Related TeachingBooks.net resources »»»

Listen to Laurie Halse Anderson introduce and read from her novel Chains

Our students live in the here and now; anything before the invention of the iPod is ancient history to them. Recently I read a New York Times article reporting on a study about dreams. It found that people over the age of 55 dream in black in white about a quarter of the time, while people 25 and younger almost never do. That’s because the young’uns have never really watched black-and-white TV or old movies! Vietnam is the Stone Age to them. How then do we bring history alive in their color-saturated lives? Try these new children’s books, brilliant read-aloud selections all, to immerse listeners in the drama and dangers of history, especially the Revolutionary War tableau of 1776.

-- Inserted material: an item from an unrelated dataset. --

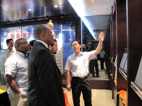 926上午,十七冶副总经理彭毅忠在公司总部亲切会见了来十七冶访问的尼日利亚FIDELITY 银行执行董事EMAKA先生、尼日利亚AVA水泥公司总裁PAUL先生等一行并邀请客人参观了公司荣誉档案展示厅。
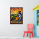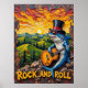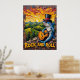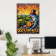 Dieses fantasievolle Gemälde zeigt einen Hai, der mit einem Hut und coolen Sonnenbrillen geschmückt ist und eine "Sonnenuntergangssymphonie" auf einer elektrischen Gitarre von einem felsigen Gipfel auslöst. Die Szene entfaltet sich über sanfte, grüne Hügel und Bäume, die im warmen, strukturierten Licht einer untergehenden Sonne baden. Das lebendige, impasto Bürstenwerk schafft eine kraftvolle und skurrile Atmosphäre und feiert den "ROCK and ROLL" Geist in einer einzigartigen natürlichen Umgebung.

Alternately engrossing, thrilling, and heartrending, Laurie Halse Anderson's Chains (S & S, 2008; Gr. 5 Up) was one of the five nominees for the prestigious National Book Award in 2008 in the Young People’s Literature category. As 13-year-old orphan Isabel Gardener tells it, she and her 5-year-old sister Ruth were to have been freed after their owner, Miss Mary Finch, died in May 1776. It was in her will. But Miss Mary’s only living relative refuses to acknowledge Isabel’s claim, and sells the two girls to Mr. Lockton, a Loyalist from New York City, and his quick-tempered wife. Isabel’s astute and compelling narrative immerses readers in the day-to-day chores and personal indignities she endures as a lowly house servant, intertwined with the politics of New York City under siege, occupied first by the Continental army, and then by the British.

Befriended by Curzon, a slave boy her age, Isabel agrees to his suggestion that she become a spy for the Patriots’ cause, hoping it will lead to her freedom. When she overhears Mr. Lockton discussing a plot against General George Washington, she seeks out Colonel Regan, an officer in the Patriot army headquarters, only to learn a bitter truth: that the rules of “propriety and civilization” do not extend to slaves. When Isabel is branded on her face with the letter “I” for insolence, your shocked listeners will cry at the unfairness and cruelty of it.

In her extensive appendix, Anderson states, “ . . . you can't look at this through good guy/bad guy glasses.” Who was on the side of the slaves? No one. Each chapter begins with an actual quote from 1776 by the likes of Thomas Paine, Phillis Wheatley, John and Abigail Adams, and Benjamin Franklin, in addition to excerpts from letters and newspapers of the day. On their own, these make fascinating reading and will lead to discussions and some primary source investigations about the lives and times of Americans fighting for their independence.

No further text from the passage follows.